Collected material:
"""

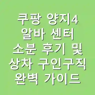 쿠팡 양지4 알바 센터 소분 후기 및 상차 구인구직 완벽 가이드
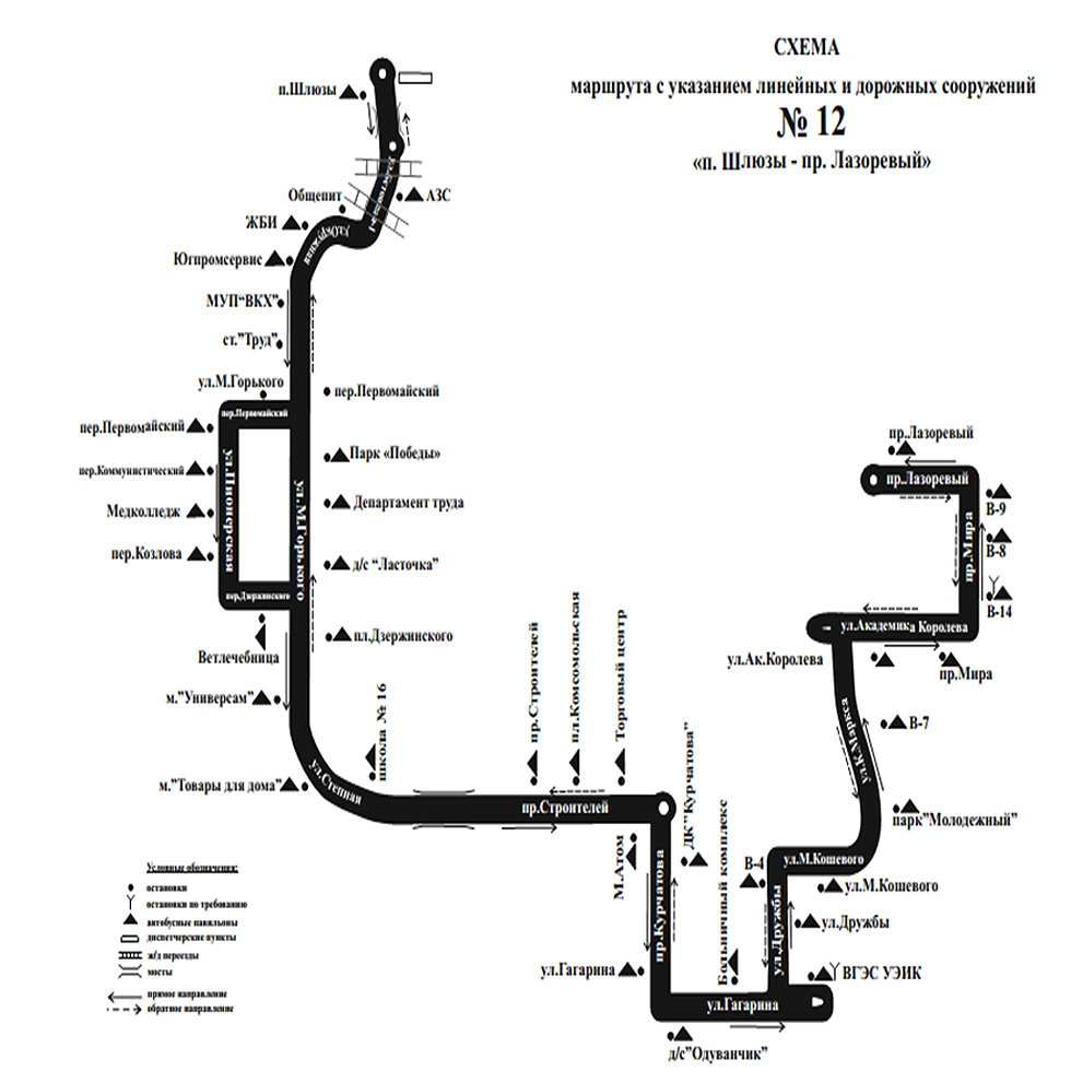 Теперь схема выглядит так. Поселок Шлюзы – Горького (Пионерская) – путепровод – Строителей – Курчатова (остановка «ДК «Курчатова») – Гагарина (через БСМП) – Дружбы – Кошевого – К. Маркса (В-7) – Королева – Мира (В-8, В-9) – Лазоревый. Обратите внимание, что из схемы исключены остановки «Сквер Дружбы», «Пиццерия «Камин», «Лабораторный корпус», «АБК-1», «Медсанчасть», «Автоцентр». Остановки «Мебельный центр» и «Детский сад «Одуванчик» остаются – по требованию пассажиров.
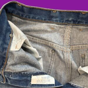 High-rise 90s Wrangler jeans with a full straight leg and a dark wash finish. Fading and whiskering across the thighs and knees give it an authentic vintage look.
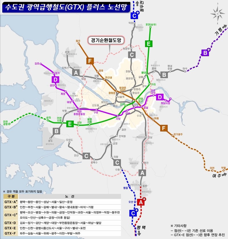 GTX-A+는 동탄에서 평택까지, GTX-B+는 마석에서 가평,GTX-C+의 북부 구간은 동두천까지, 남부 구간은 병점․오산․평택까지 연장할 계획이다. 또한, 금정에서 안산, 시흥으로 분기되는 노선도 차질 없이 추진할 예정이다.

"""

What's needed is a word-for-word retyping of the listing, minus its pictures.

Written solution:
 쿠팡 양지4 알바 센터 소분 후기 및 상차 구인구직 완벽 가이드
 Теперь схема выглядит так. Поселок Шлюзы – Горького (Пионерская) – путепровод – Строителей – Курчатова (остановка «ДК «Курчатова») – Гагарина (через БСМП) – Дружбы – Кошевого – К. Маркса (В-7) – Королева – Мира (В-8, В-9) – Лазоревый. Обратите внимание, что из схемы исключены остановки «Сквер Дружбы», «Пиццерия «Камин», «Лабораторный корпус», «АБК-1», «Медсанчасть», «Автоцентр». Остановки «Мебельный центр» и «Детский сад «Одуванчик» остаются – по требованию пассажиров.
 High-rise 90s Wrangler jeans with a full straight leg and a dark wash finish. Fading and whiskering across the thighs and knees give it an authentic vintage look.
 GTX-A+는 동탄에서 평택까지, GTX-B+는 마석에서 가평,GTX-C+의 북부 구간은 동두천까지, 남부 구간은 병점․오산․평택까지 연장할 계획이다. 또한, 금정에서 안산, 시흥으로 분기되는 노선도 차질 없이 추진할 예정이다.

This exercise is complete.